*ABOUT THIS TASK*
Exactly as written, set down the lines from the top of the entries through the line bearing "Миди платье свободного", with every picture left out.
———
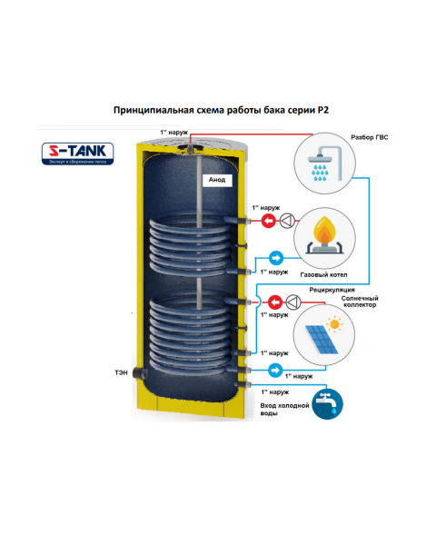 Бойлер косвенного нагрева S-TANK P2 1500 предназначен для аккумулирования горячей воды от различных источников тепла. Бак серии «Р2» улучшает гибкость системы ГВС, позволяя вам аккумулировать постоянный объем горячей воды, использовать рециркуляцию ГВС для повышения комфорта пользования. А возможность подключения ТЭНа в отверстие в нижней части бака, делает бак более универсальным.
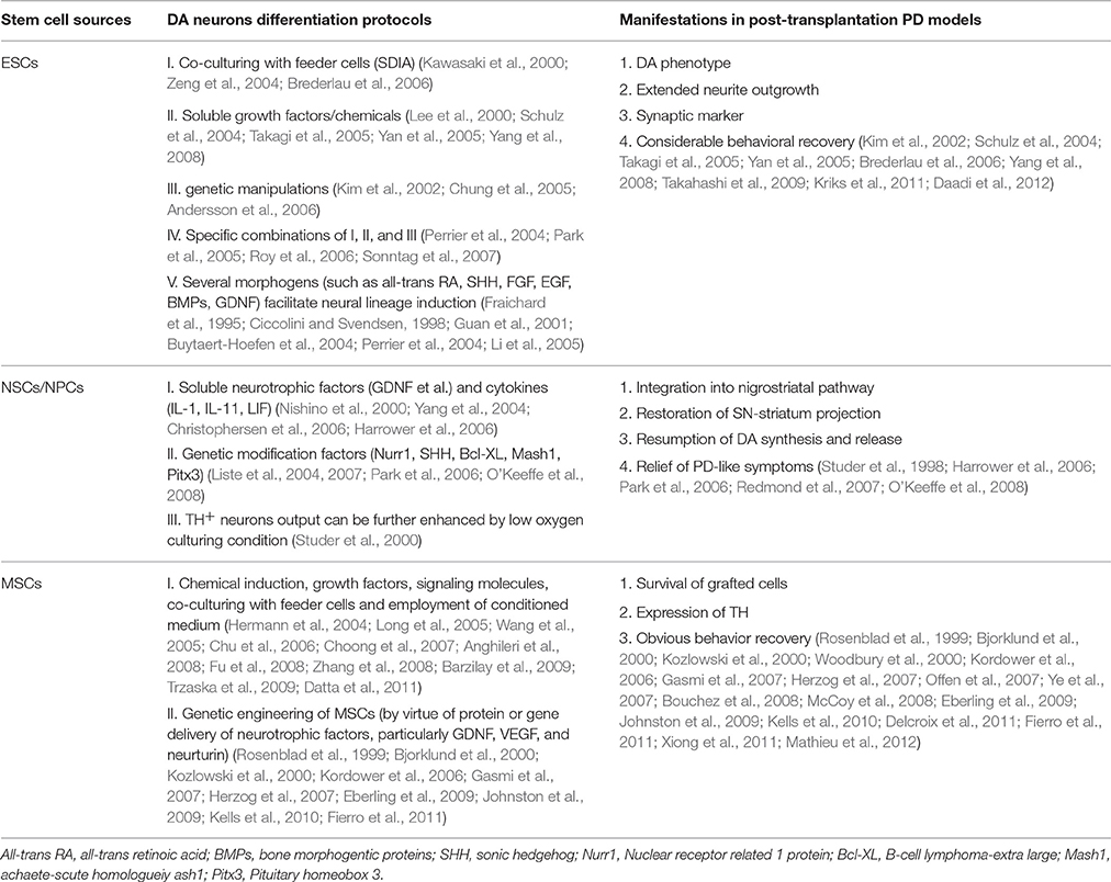 至于NSC,與ESC相比的一個潛在優(yōu)勢是,除了神經譜系分化受限外,它們在移植后不易形成腫瘤和引起免疫排斥反應。然而,神經干細胞顯示出一些缺點,如有限的分化能力和來源、揮之不去的倫理問題、帕金森癥狀的部分緩解。
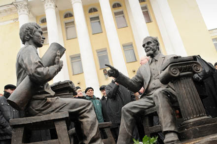 - Это надо у Суровцева и Бубнова спросить! - ответил он. - Именно Игорю Суровцеву и архитектору Сергею Гурьеву принадлежит идея. Сколько времени ушло на реализацию проекта? Около года! Потом проект губернатору показывали, модель скульптуры можно было посмотреть в фойе вуза. Это, конечно, собирательный образ. Сам-то я Троицкого не видел, к сожалению. Но родственники говорят, что похож. Им понравилось, и это, пожалуй, главное.
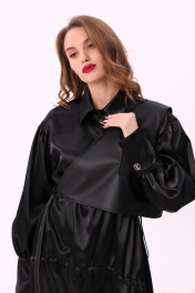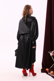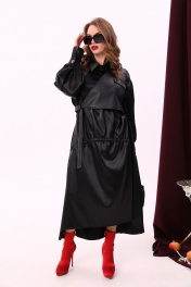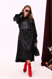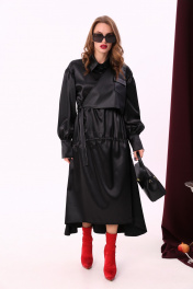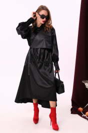 Миди платье свободного кроя из текстиля и экокожи с воротником-стойкой NikVa 802-1 чёрный
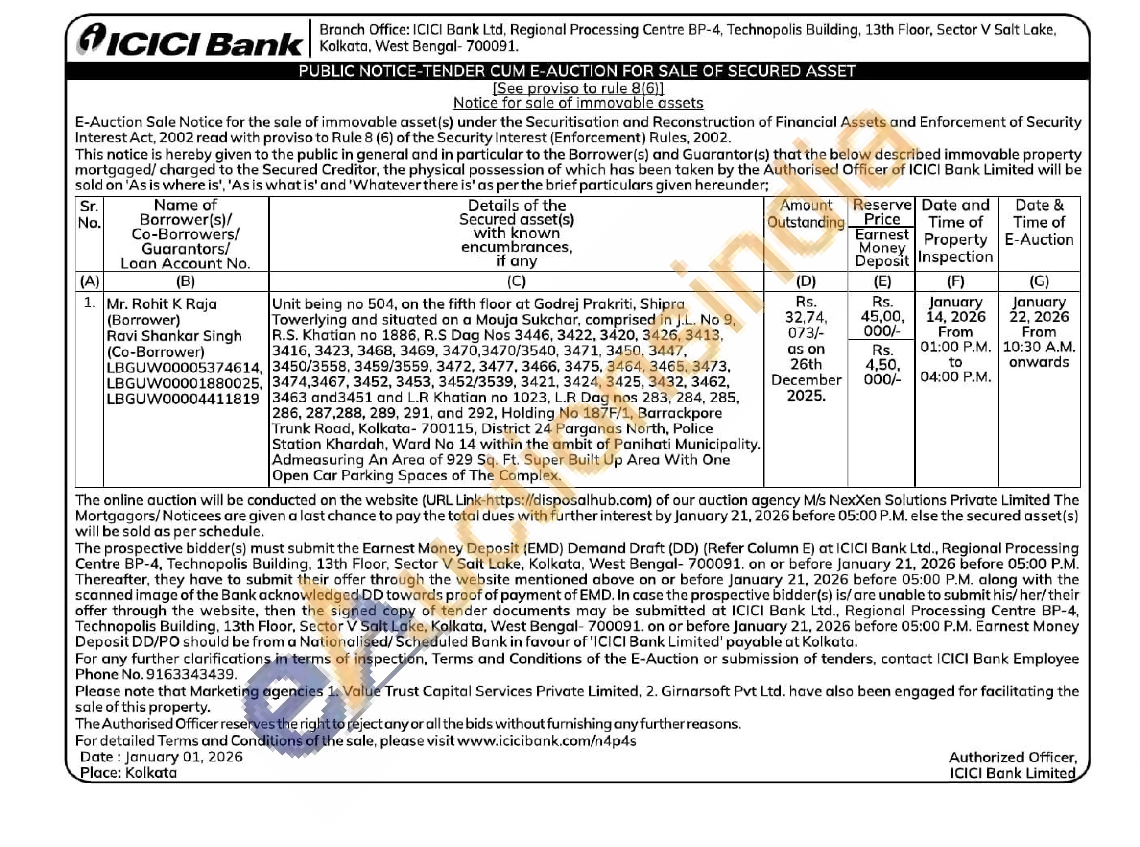 Unit being no 504, on the fifth floor at Godrej Prakriti, Shipra Towerlying and situated on a Mouja Sukchar, comprised in J.L. No 9, R.S. Khatian no 1886, R.S Dag Nos 3446, 3422, 3420, 3426, 3413, 3416, 3423, 3468, 3469, 3470,3470/3540, 3471, 3450, 3447, 3450/3558, 3459/3559, 3472, 3477, 3466, 3475, 3464, 3465, 3473, 3474,3467, 3452, 3453, 3452/3539, 3421, 3424, 3425, 3432, 3462, 3463 and3451 and L.R Khatian no 1023, LR Dag nos 283, 284, 285, 286, 287,288, 289, 291, and 292, Holding No 187F/1, Barrackpore Trunk Road, Kolkata-700115, District 24 Parganas North, Police Station Khardah, Ward No 14 within the ambit of Panihati Municipality. Admeasuring An Area of 929 Sq. Ft. Super Built Up Area With One Open Car Parking Spaces of The Complex.
———
*ANSWER BOX*
 Бойлер косвенного нагрева S-TANK P2 1500 предназначен для аккумулирования горячей воды от различных источников тепла. Бак серии «Р2» улучшает гибкость системы ГВС, позволяя вам аккумулировать постоянный объем горячей воды, использовать рециркуляцию ГВС для повышения комфорта пользования. А возможность подключения ТЭНа в отверстие в нижней части бака, делает бак более универсальным.
 至于NSC,與ESC相比的一個潛在優(yōu)勢是,除了神經譜系分化受限外,它們在移植后不易形成腫瘤和引起免疫排斥反應。然而,神經干細胞顯示出一些缺點,如有限的分化能力和來源、揮之不去的倫理問題、帕金森癥狀的部分緩解。
 - Это надо у Суровцева и Бубнова спросить! - ответил он. - Именно Игорю Суровцеву и архитектору Сергею Гурьеву принадлежит идея. Сколько времени ушло на реализацию проекта? Около года! Потом проект губернатору показывали, модель скульптуры можно было посмотреть в фойе вуза. Это, конечно, собирательный образ. Сам-то я Троицкого не видел, к сожалению. Но родственники говорят, что похож. Им понравилось, и это, пожалуй, главное.
 Миди платье свободного кроя из текстиля и экокожи с воротником-стойкой NikVa 802-1 чёрный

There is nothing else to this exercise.